[PROBLEM TO SOLVE]
Set the data below down again, exactly, with every picture left out.

[INFORMATION SHOWN Boundary: Start]

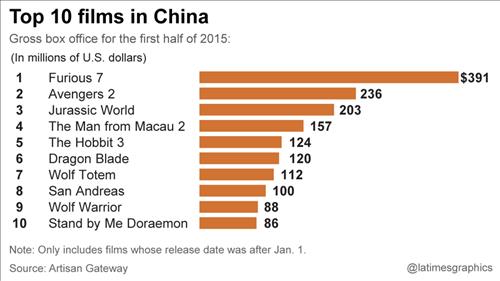 ◇중국의 '티켓파워' 쑥쑥 = 중국 영화시장에서 올 상반기 할리우드 영화의 흥행 대박은 '분노의 질주7'(3억9천100만 달러), '어벤저스2:에이지 오브 울트론'(2억3천600만 달러), '쥬라식 월드'(2억300만 달러) 등이 주도했다.
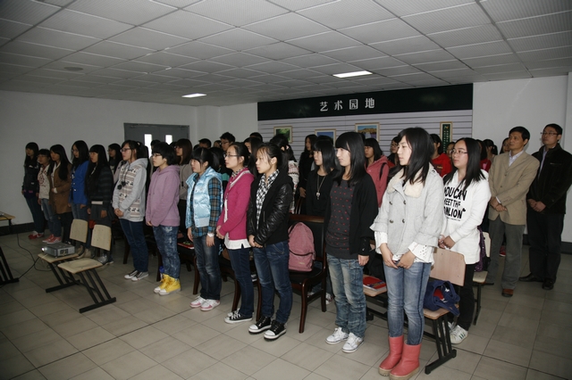 收看胡锦涛总书记作政治报告 收看点现场师生起立唱国歌
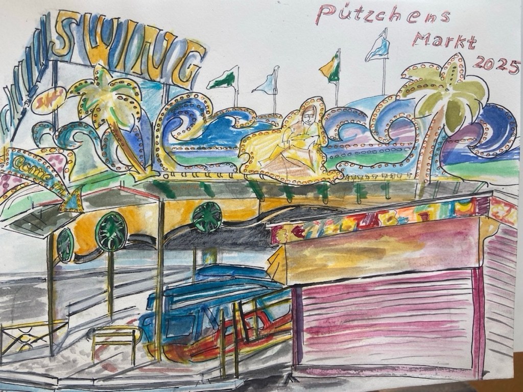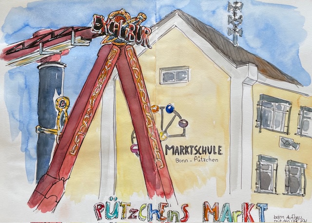 Es folgen die Zeichnungen vom Pützchen Markt, Fotos und Grüße von unterwegs.

[INFORMATION SHOWN Boundary: End]

[TASK OUTPUT]
 ◇중국의 '티켓파워' 쑥쑥 = 중국 영화시장에서 올 상반기 할리우드 영화의 흥행 대박은 '분노의 질주7'(3억9천100만 달러), '어벤저스2:에이지 오브 울트론'(2억3천600만 달러), '쥬라식 월드'(2억300만 달러) 등이 주도했다.
 收看胡锦涛总书记作政治报告 收看点现场师生起立唱国歌
 Es folgen die Zeichnungen vom Pützchen Markt, Fotos und Grüße von unterwegs.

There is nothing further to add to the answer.